3. The character according to claim 1, wherein the frame area direction code is obtained by contour tracing an object formed by connecting black pixels in the detection area of the character frame. Recognition method.

4. The character recognition method according to claim 1, wherein said character frame is printed in a non-dropout color.

5. A character recognition device for optically reading a character written in a character frame and recognizing an image, wherein a position of the character frame is detected based on a frame region direction code obtained in a detection region of the character frame. A character recognition device comprising character frame position detection means.

6. The character frame position detecting means determines a detection region of the character frame from image data obtained by performing image processing on the character frame and character frame registration data including a frame coordinate value. The frame region direction code is extracted from the inside, a frame line candidate position that is a candidate for a character frame inside position is obtained from the extracted frame region direction code, and a candidate frame line created based on the frame line candidate position is written. After performing labeling on the image, the corner position candidate coordinates of the character frame are detected, and from the corner position candidate coordinates and the character frame registration data,
The character recognition device according to claim 5, wherein the position inside the character frame is determined.

7. The character according to claim 5, wherein the frame area direction code is obtained by contour tracing an object formed by connecting black pixels in the detection area of the character frame.
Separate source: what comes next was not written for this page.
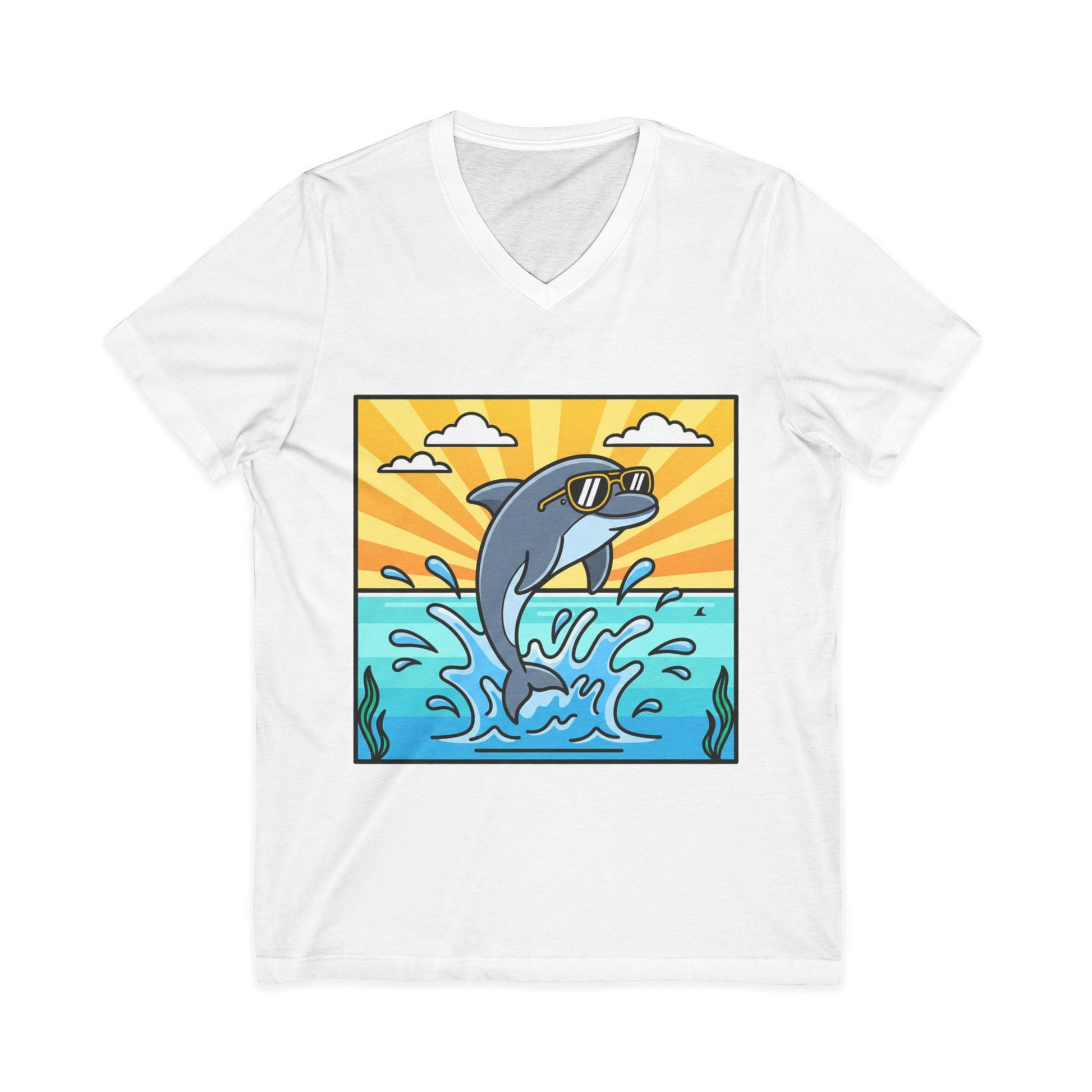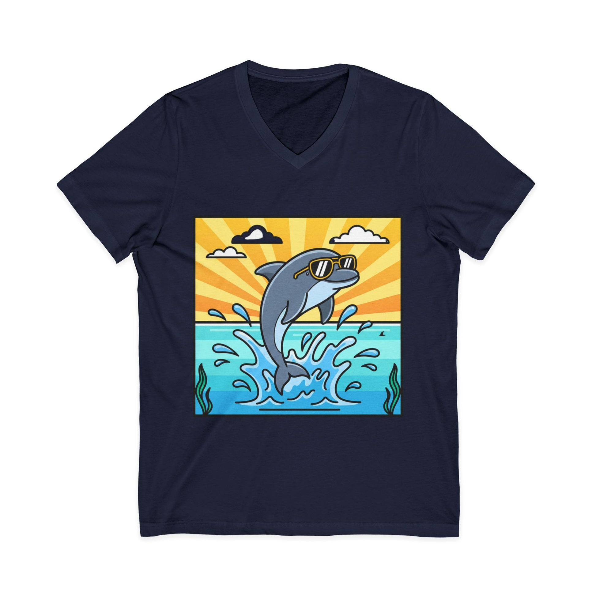When a dolphin leaps through sunrise rays, shades on, mid-flight and full of joy—that's pure ocean energy. This V-neck tee captures that playful, sunlit moment with a stylized design that celebrates the kind of carefree confidence that comes from living close to the water. It's for people who know that the best days start with salt air, end with sunset, and are filled with moments worth celebrating.

Recognition device.

8. The character recognition device according to claim 5, wherein a form in which characters are written in a character frame is optically read,
An image scanner unit for obtaining form image data composed of binary data by photoelectric conversion, an image data storage unit for storing form image data output from the image scanner unit, and including a character frame coordinate value registered in advance Character recognition further comprising: a character frame registration data storage unit that stores character frame registration data; and a character recognition unit that performs character recognition based on the image of the character frame output from the character frame position detection unit. apparatus.

9. The character recognition apparatus according to claim 5, wherein said character frame is printed in a non-dropout color.